Но она даже не догадывалась, как часто продолжал мальчик думать об отце. То вдруг вспоминал, как сидел на плечах у него, а отец шел в море; то мысленно зло говорил: «Что ж ты за человек! Бросил меня, как собаку…» Он становился угрюмым, вспыльчивым, и бабушка удивлялась этим резким переменам в настроении.
Как-то он даже втайне долго шел позади отца, возвращающегося с работы, но не приблизился к нему.
Если одноклассники спрашивали теперь об отце, Сережа говорил:
— В командировке он… На Севере…
— В авиации? — допытывались ребята.
— Угу, — выдавливал он, презирая себя за ложь.
Ему бы сказать честно: «Не живет он с нами», но Сережа не мог заставить себя произнести эти слова.
…Уже несколько лет Раисе Ивановне оказывал внимание сослуживец — как и она, архитектор — Виталий Андреевич Кирсанов: худощавый мужчина лет за сорок, с густо посеребренными сединой висками и немного впалыми щеками.
Он жил одиноко, давно был в разводе, пользовался в их проектном институте всеобщим уважением за великолепное знание дела и спокойный нрав. Правда, умел быть и жестковатым, если наталкивался на недобросовестность, но справедливые требования не обижали умных людей.
Когда Кирсанов сделал ей предложение, Раиса Ивановна и обрадовалась, и забеспокоилась. Обрадовалась, потому что, какой женщине не мечтается почувствовать себя под защитой сильного человека и, не лишаясь, самостоятельности, независимости, знать, что она не одна решает трудные вопросы жизни, преодолевает тяготы, что кто-то рядом оберегает ее! В конце концов, сколько будет она все тащить на своих плечах? Ведь даже металл устает. Но возникло и сомнение: как Сережа отнесется к отчиму? Может быть, ей не следует вообще думать о личном счастье, а целиком посвятить себя сыну?
…Появление в доме Раисы Ивановны незнакомого мужчины было воспринято мальчиком с молчаливой неприязнью. Он старался не оставлять с ним мать один на один, на вопросы Кирсанова отвечал односложно, неохотно, всем своим поведением словно бы говорил: «Ты здесь лишний и чем скорее исчезнешь, тем лучше будет для меня и мамы».

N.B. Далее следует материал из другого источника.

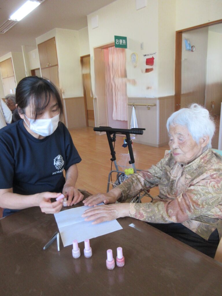 美馬拠点グループホームです。 何歳になっても女性はおしゃれをしてキレイでいたいですよね(^^) 数種類ある中からご自身で色を選んで頂きマニキュア塗りをしました! 「あんたこの色似合うなぁ」や「私こんな赤いのにした」 「きれいなぁ、久しぶりにした」と会話も弾み絶賛でした💕 皆さん爪に艶がでて若々しくなりましたね(*^-^*) ほうらいのまごころツール 「喜びづくりの七つ道具」 心に鏡を持ちます 自身の行動を心の中の鏡に...
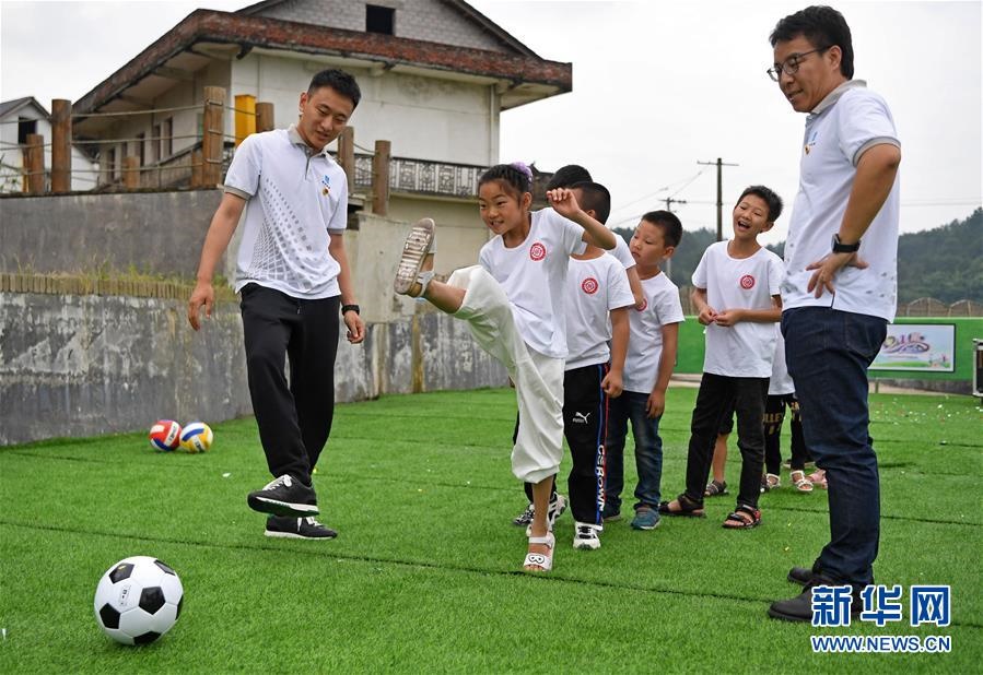在江西省貴溪市金屯鎮(zhèn)金屯村渡坊村小組,志愿者和留守兒童一起進(jìn)行體育活動(dòng)(5月27日攝)。新華社記者萬象攝
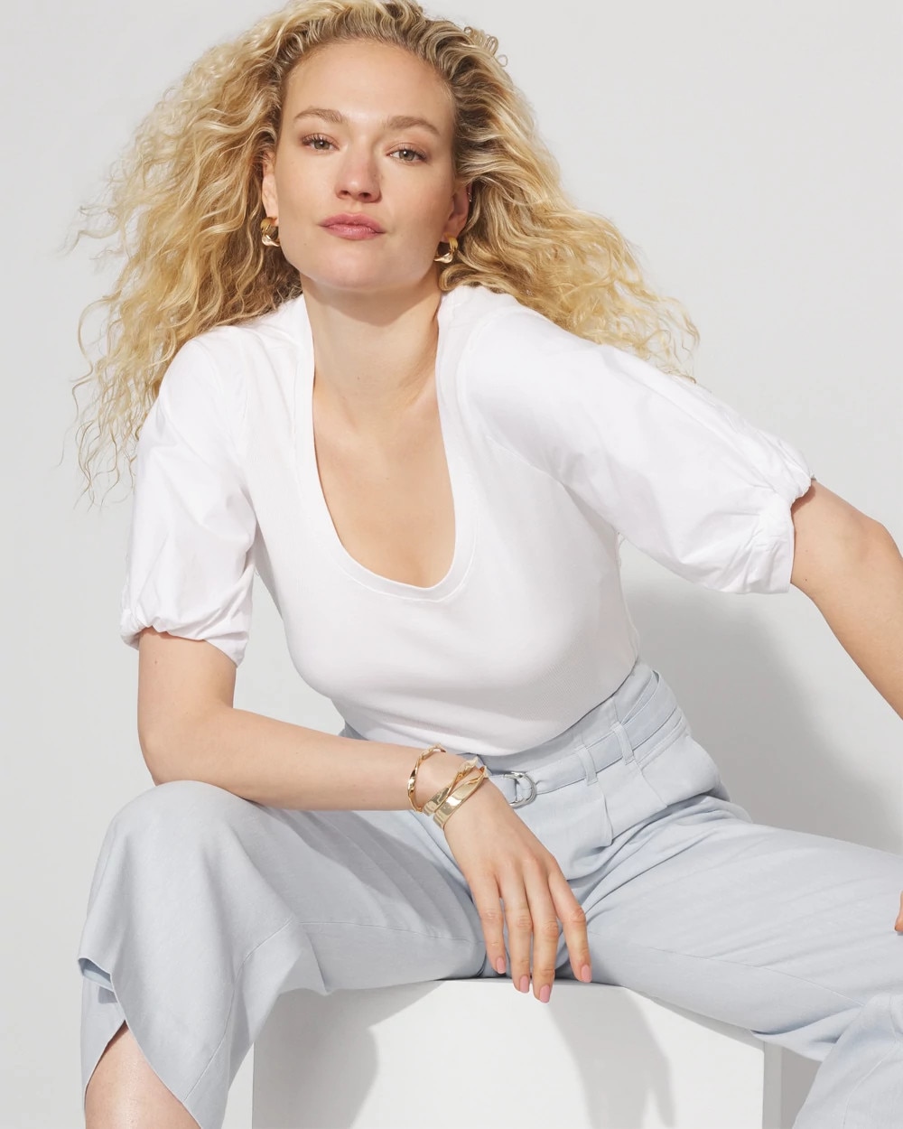 This fitted tee has a soft Pima cotton ribbed body with stretch. The poplin puff sleeve provides contrast and has a twist detail. A dressy t-shirt that will elevate your jeans and shorts.
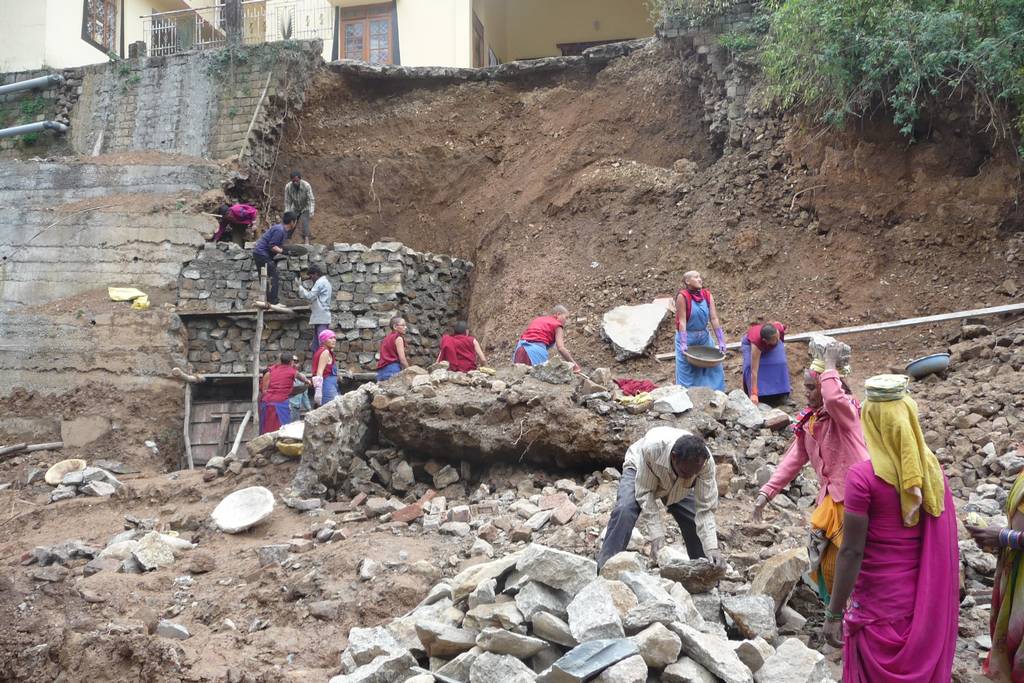 reconstruction par les nonnes tibétaines et les femmes indiennes après un effondrement à mac léod gang ( dharamsala) en 2010... avec le sourire et en chantant

Но Виталий Андреевич делал вид, будто не замечал его настроения, предлагал свою помощь Сергею, когда надо было решить трудную задачу по алгебре, брал его на лыжные прогулки. А скоро открылось одно существенное сходство их интересов.
Сережа страстно увлекался самолетостроением: делал авиамодели, знал наизусть все данные о новых самолетах, читал журнал «Гражданская авиация», упиваясь, рассматривал схемы в «Interawia», собирал почтовые марки, связанные с воздухоплаванием.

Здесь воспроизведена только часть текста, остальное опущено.